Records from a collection

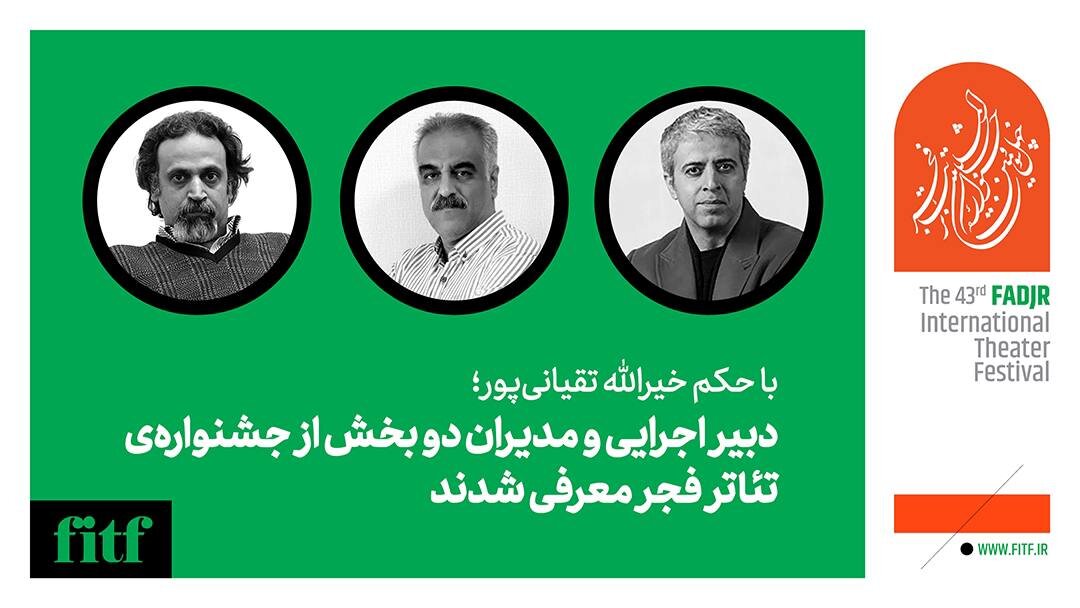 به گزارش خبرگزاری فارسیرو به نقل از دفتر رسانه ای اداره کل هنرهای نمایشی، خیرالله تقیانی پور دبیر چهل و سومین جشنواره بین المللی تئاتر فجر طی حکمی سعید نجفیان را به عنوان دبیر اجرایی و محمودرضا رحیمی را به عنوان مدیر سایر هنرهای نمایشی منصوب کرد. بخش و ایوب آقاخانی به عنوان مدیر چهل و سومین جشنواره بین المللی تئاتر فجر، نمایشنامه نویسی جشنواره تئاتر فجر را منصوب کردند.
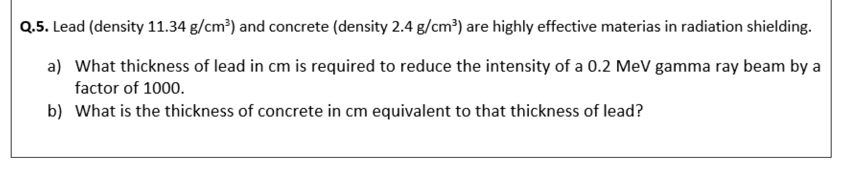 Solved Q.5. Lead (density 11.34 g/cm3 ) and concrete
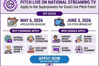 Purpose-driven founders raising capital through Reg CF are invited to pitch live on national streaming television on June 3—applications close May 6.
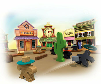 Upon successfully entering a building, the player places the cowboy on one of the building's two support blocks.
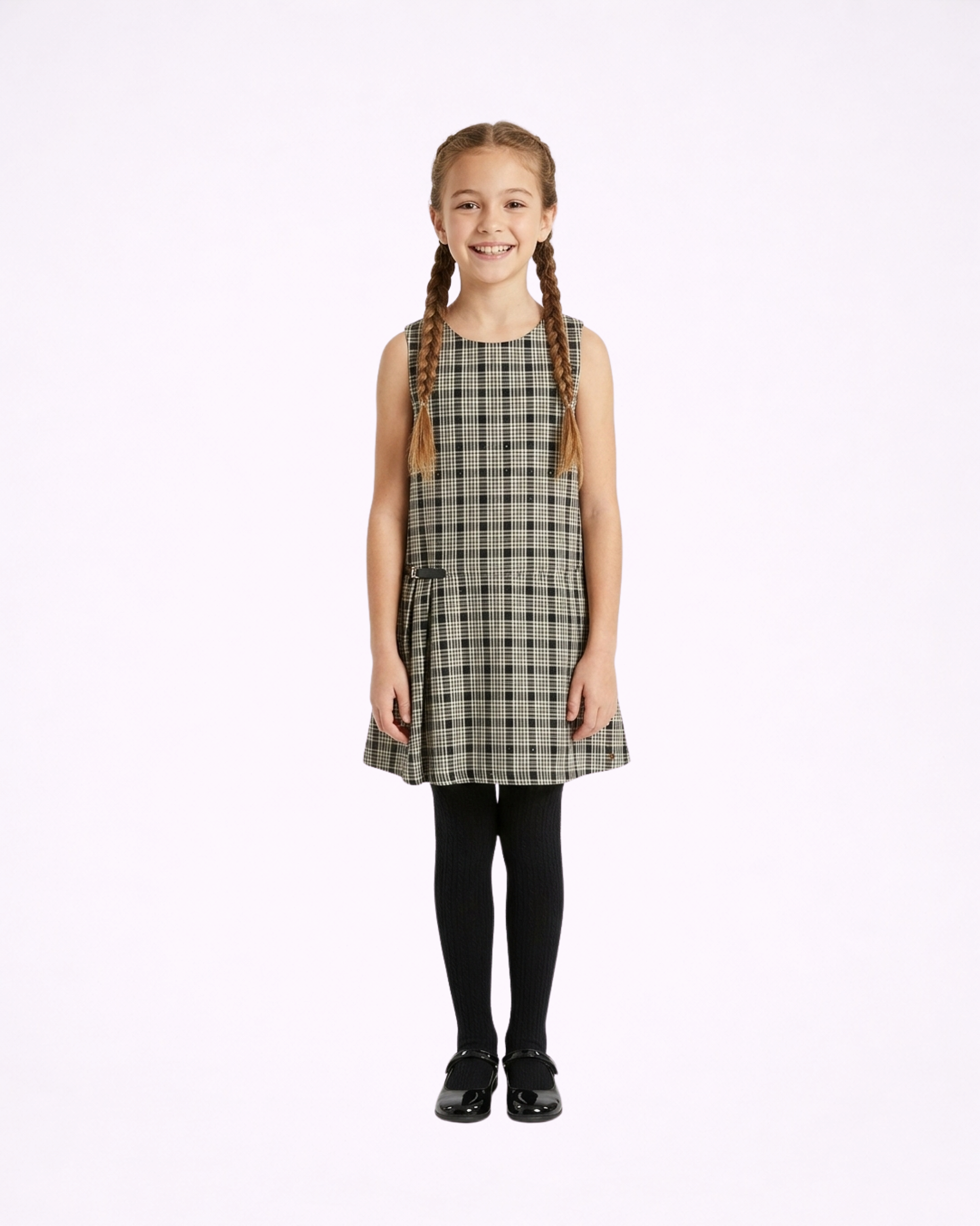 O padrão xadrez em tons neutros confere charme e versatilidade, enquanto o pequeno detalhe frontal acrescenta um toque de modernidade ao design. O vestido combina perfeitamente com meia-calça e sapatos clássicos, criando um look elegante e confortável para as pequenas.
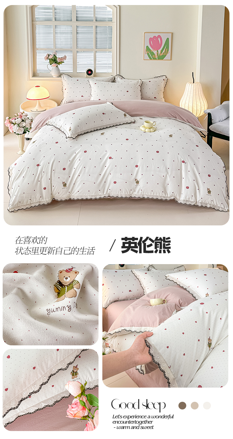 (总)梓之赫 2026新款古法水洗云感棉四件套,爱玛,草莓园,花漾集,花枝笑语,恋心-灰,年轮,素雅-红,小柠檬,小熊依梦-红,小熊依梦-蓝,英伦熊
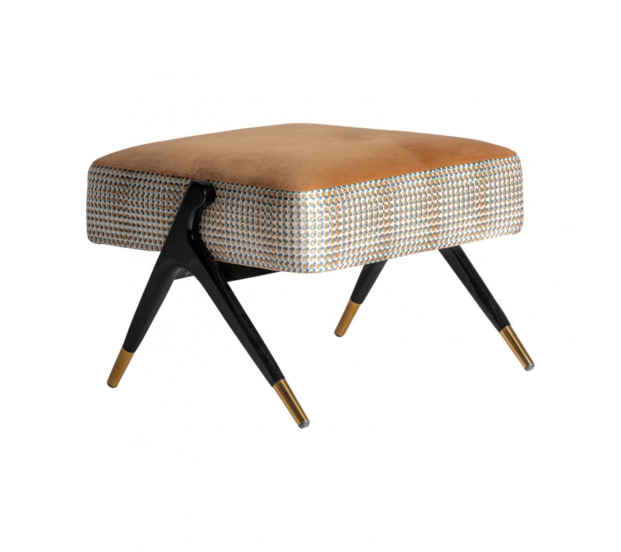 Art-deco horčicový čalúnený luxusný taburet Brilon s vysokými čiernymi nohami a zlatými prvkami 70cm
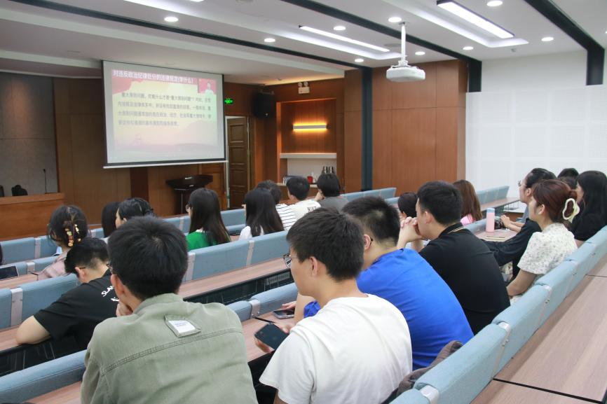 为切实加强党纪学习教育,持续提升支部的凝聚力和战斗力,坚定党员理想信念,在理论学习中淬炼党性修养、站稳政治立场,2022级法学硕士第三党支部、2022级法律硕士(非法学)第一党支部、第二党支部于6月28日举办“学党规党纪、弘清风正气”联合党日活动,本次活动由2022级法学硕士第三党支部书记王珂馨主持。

WHAT NEEDS TO BE DONE: From the line containing "O padrão xadrez" through the last line of the records above, reproduce every line exactly, leaving out the pictures.

RESULT OF THE EXERCISE:
 O padrão xadrez em tons neutros confere charme e versatilidade, enquanto o pequeno detalhe frontal acrescenta um toque de modernidade ao design. O vestido combina perfeitamente com meia-calça e sapatos clássicos, criando um look elegante e confortável para as pequenas.
 (总)梓之赫 2026新款古法水洗云感棉四件套,爱玛,草莓园,花漾集,花枝笑语,恋心-灰,年轮,素雅-红,小柠檬,小熊依梦-红,小熊依梦-蓝,英伦熊
 Art-deco horčicový čalúnený luxusný taburet Brilon s vysokými čiernymi nohami a zlatými prvkami 70cm
 为切实加强党纪学习教育,持续提升支部的凝聚力和战斗力,坚定党员理想信念,在理论学习中淬炼党性修养、站稳政治立场,2022级法学硕士第三党支部、2022级法律硕士(非法学)第一党支部、第二党支部于6月28日举办“学党规党纪、弘清风正气”联合党日活动,本次活动由2022级法学硕士第三党支部书记王珂馨主持。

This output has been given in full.